Dec 18, 2007, 8:37 GMT
Dusseldorf - Queues formed Tuesday outside a high-security court in the German city of Dusseldorf as a Lebanese student went on trial for attempting to detonate bombs on passenger trains that would have caused devastation comparable with similar attacks in Madrid and London.
There were long delays for those entering the court, as police and court officials conducted searches, ordering some to remove their shoes and other items of clothing.
In Beirut, an alleged co-conspirator was scheduled to be sentenced Tuesday at the end of a lengthy trial for the same offence.
The two men allegedly built the bombs using designs they found on the internet, hid them in suitcases and went together to Cologne station in the west of Germany on July 31 last year.
They took trains in opposite directions, left the bombs on board and left the country.

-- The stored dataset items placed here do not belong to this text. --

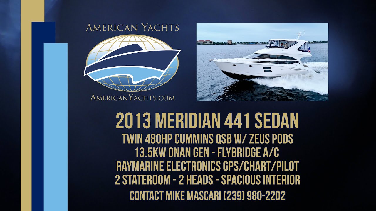 Why Knot is a beautifully maintained 2013 Meridian 441 Sedan Bridge offering an ideal layout for extended cruising or entertaining. Powered by twin Cummins QSB Zeus Pod Drives with joystick docking, she delivers quiet, efficient performance and effortless handling.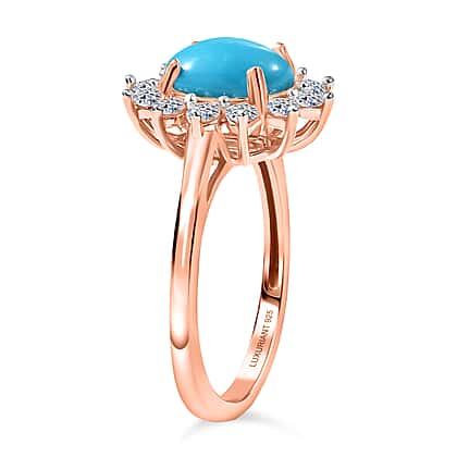 Luxuriant Sleeping Beauty Turquoise & Lab Grown Diamond (SI-GH) Ring in 18K Vermeil Rose Gold Plated Sterling Silver 2.38 Ct.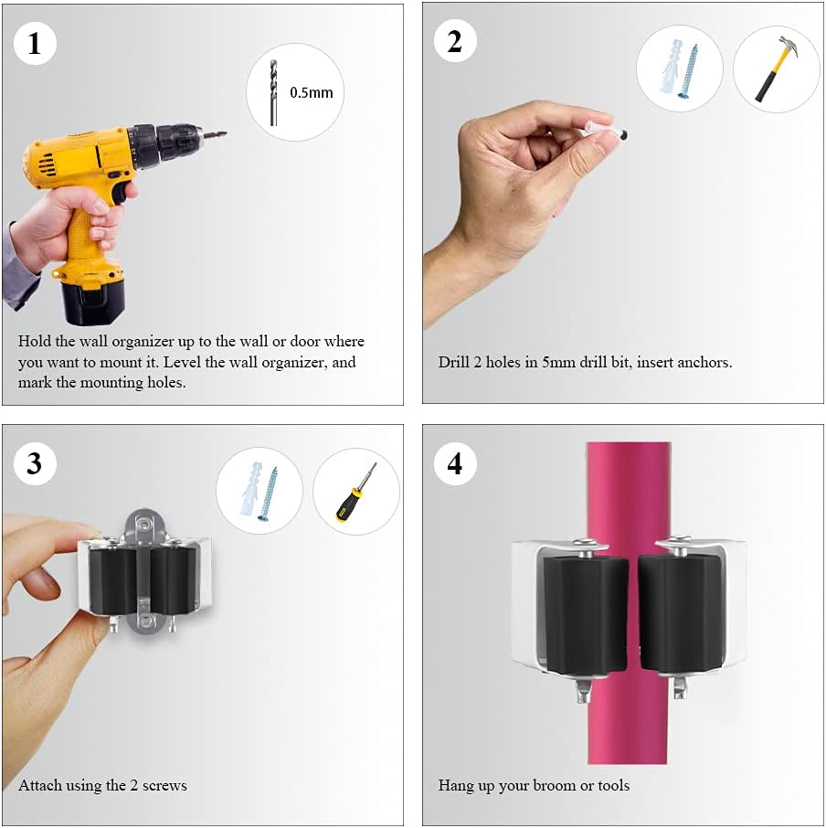- EASY TO USE: Because mop broom holder wall mounted is made of 0.7mm thick metal material instead of 0.5mm as most of the ones on the market, you don’t have to worry about deformation even if you use it indoors or outdoors for a long time.You can slide the broom in and out with one hand. Unlike plastic mop holders with spring-loaded rollers, this broom organizer wall mount has rubber rollers to hold the handles, allowing the handle to slide in from the front and be held firmly in place.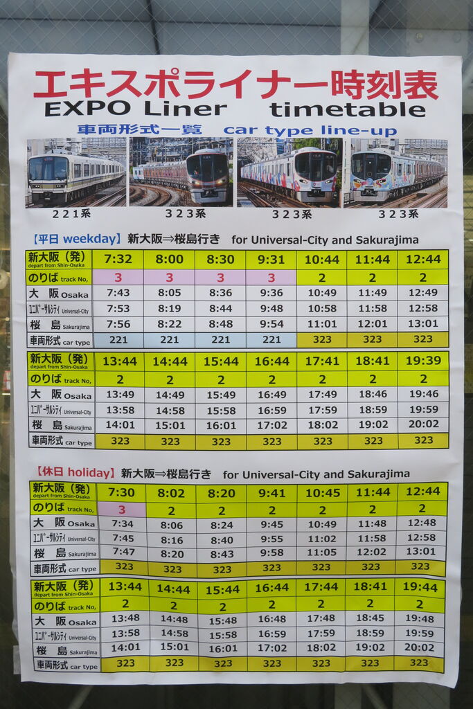 まずは、新大阪駅に掲示されている エキスポライナーの時刻表を見ておきましょう。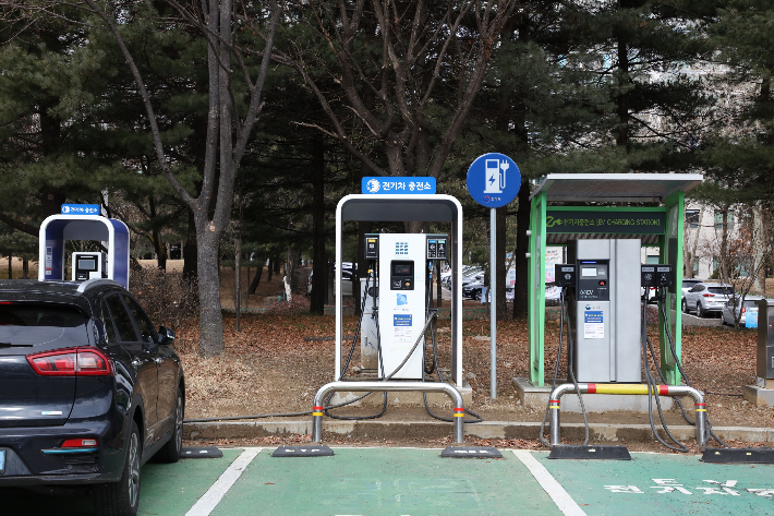 안양시청사에 설치돼 있는 전기차충전소 모습이다. 안양시청 제공

Neither bomb exploded, and police say the two Lebanese assembled the devices wrongly.
The defence argues that Youssef Mohamad al-H, 23, made a deliberate mistake. This is contested by the prosecution, which argues that the bombs' construction points to an intent to cause death and serious injury through burns.
Al-H is accused of multiple attempted murders, but not of terrorist conspiracy, as German law requires at least three conspirators.

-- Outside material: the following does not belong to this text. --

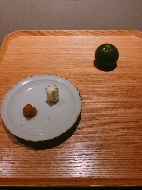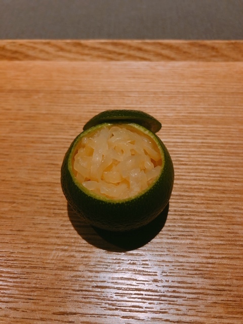 続いて、酢橘窯に入った海月と山椒で漬けた独活。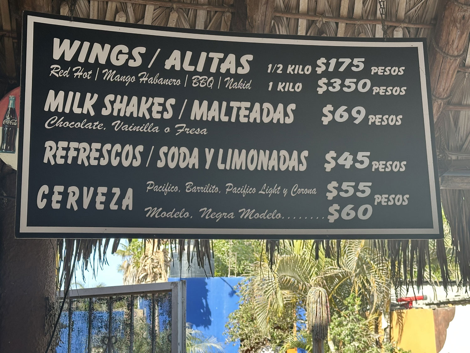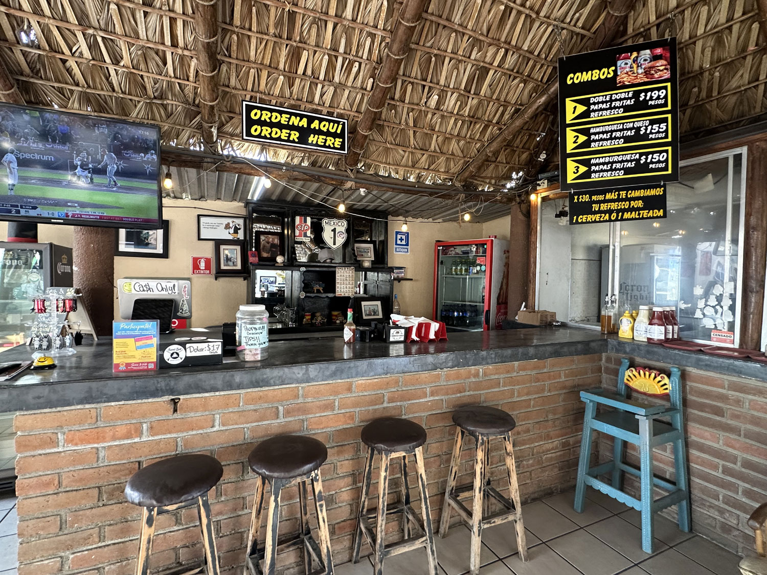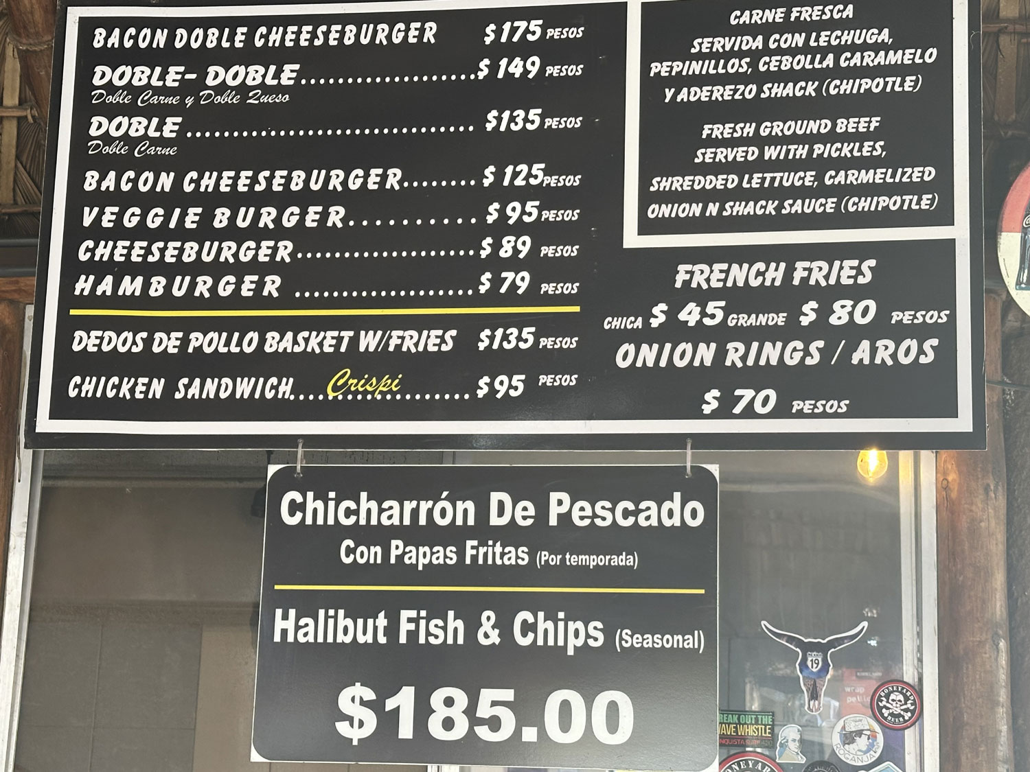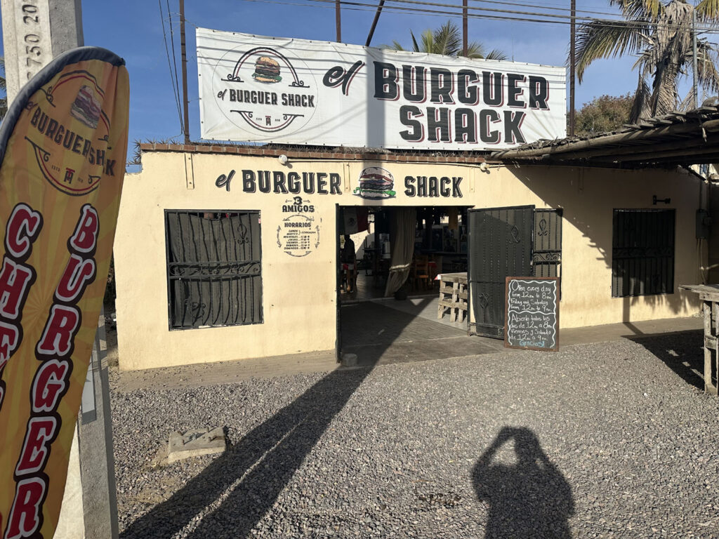 Driving from Cabo San Lucas to Todos Santos, it is hard to miss the signs announcing how far it is to El Burguer Shack, which has locations in Pescadero and Todos Santos. We decided to stop for lunch at the Pescadero location just after the main intersection on the right. The menu is posted on the wall, and you order at the counter. The menu includes hamburgers, double and double-double burgers, cheeseburgers, bacon cheeseburgers, chicken burgers, veggie burgers, chicken wings, fish and chips, French fries, and onion rings. Milkshakes, sodas and beer are available for drinks. There are also combos of burgers, fries, and a drink available.

Earlier allegations that a shadowy Islamist terrorist group commissioned the attack have not shown up in the indictment. Prosecutors accept it is possible the pair were fanatical freelancers inspired by Islamist ideology.
Al-H is expected neither to admit to the charges nor to testify.
His alleged accomplice, Jihad Hamad, 22, was tried in Beirut along with three others because there is no treaty under which Lebanon could extradite him to Germany. He has appealed for mercy from the court and a mild sentence.
Ottmar Breidling, one of Germany's leading trial judges dealing with Islamist conspiracies, is presiding at the German trial, expected to continue in a fortress-like court in the city of Dusseldorf until well into 2008.
The Beirut findings will have little influence on the German court.
Prosecutors will lead evidence the two young Lebanese being educated in Germany were angry at the publication early in 2006 in Danish and German newspapers of cartoons mocking the Prophet Mohammed.
Commuter trains were bombed by Islamist extremists in Madrid in March 2004, claiming 191 lives. The London attacks in July the next year caused 52 deaths, apart from the four suicide bombers.